Think about it, no matter how much someone liked playing them in early 80s, the games back then were simplistic as hell. So they were just a fun diversion at best, and when the diversion became oversaturated, people hit the pause button. But now, games are a lot more sophisticated, and have become another major entertainment medium, just like television and literature. Can something crash those two? For the same reason, as long as civilization survives, I don't see games crashing in the same way, although dips in sales due to lack of originality and quality are certainly possible.
 

Generic-Giant-Spider

Guest
Hey Atari, you fuckers, I'm still waiting for my chance at completing the Swordquest contest.

image.jpg


I want my gilded jewel hilted sword and you don't want to make an enemy out of me lemme tell ya'.
 

KeighnMcDeath

RPG Codex Boomer
Joined
Nov 23, 2016
Messages
13,008
How much of that swag got melted down? I guess you had to astral travel with your Atari to find the air world cartridge and play your way to the finals. So occultish the dark lords of Atari be.
 

SpoilVictor

Educated
Joined
Feb 25, 2018
Messages
84
Location
My room, sometimes other rooms
Will The Second Crash come? I hope so, but there is a long way to go.
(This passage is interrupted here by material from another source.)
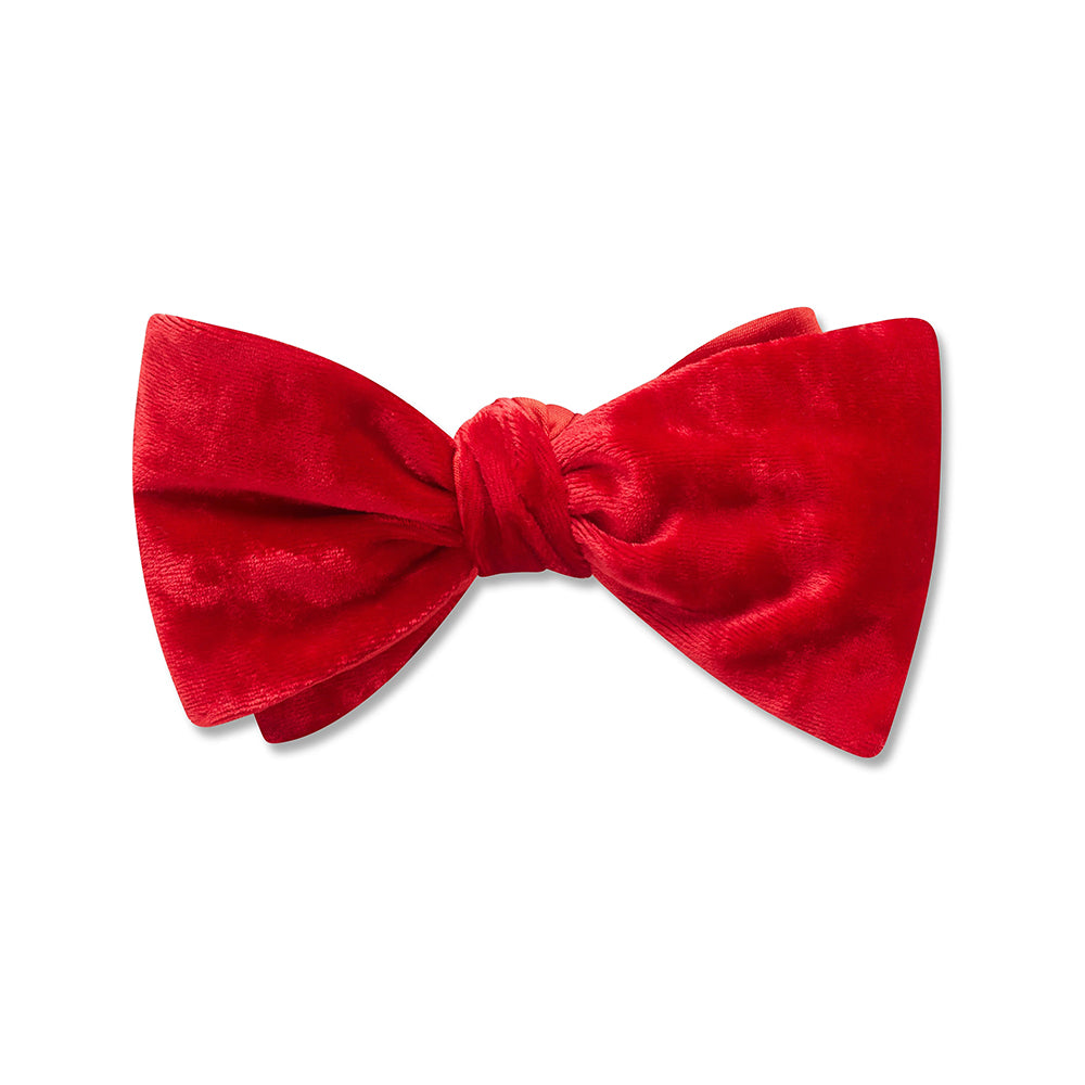 An awesome red velvet bow tie with a corresponding red silk on the back. It will tie well and, since its reversible, will see you through all kinds of special events.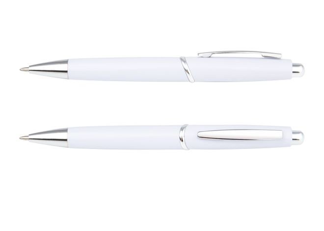 Bolígrafo con sistema retráctil en la parte superior. Con clip metálico.

Biggest problem is fallacy that videogame industry is heading in wrong direction. Well, maybe it is according to vocal minority like RPGCodex and few others, but not according to mass market. All Ass Creeds, Far Cries, CoDs, BFs may seem like boring, repetetive pulp but not for millions who buy them every year. Not to mention juggernauts like FIFA which sell like cupcakes, and customers not only embraced paying for annual rooster update (sometimes called new version of the game every year), but also pay-to-win loot-boxes (the very same model EA tried to put in Battlefront 2). GTA Online, for reasons unknown for me, made Rockstar so much money they not only cancelled DLC but didn't have to release any game for 5 years.

Profits go up - customers are happy and there is more and more of them. Sure there is some limit what market can sustain - with current push for "games as a service" titles will flop, dragging devs with them. Like Bioware will join mass grave of former EA dev studios after Anthem tanks. But AAA publishers now have enough money to survive failure of even big games (to the point that they actively seek to destroy some of their games like Titanfall 2). It is not "go big or die" scenario.

It seems to be current trend. Holywood is creatively bankrupt for years, they are rebooting everything they can, and rarely if at all they do better than originals. Have you heard of any major studio going out of bussiness? Marvel is spitting 456th generic superhero movie with generic villain destroying generic city - peeps are storming cinemas with doors and windows. You have to screw up really bad like that Han Solo movie, but Disney still isn't going anywhere because movie tanked.

Don't even get me strted on music industry.

TL;DR - videogame market is healthier than ever, profits are going up, same for customer count. Majority of customers are content, being so conditioned to digest that pulp of entertainment.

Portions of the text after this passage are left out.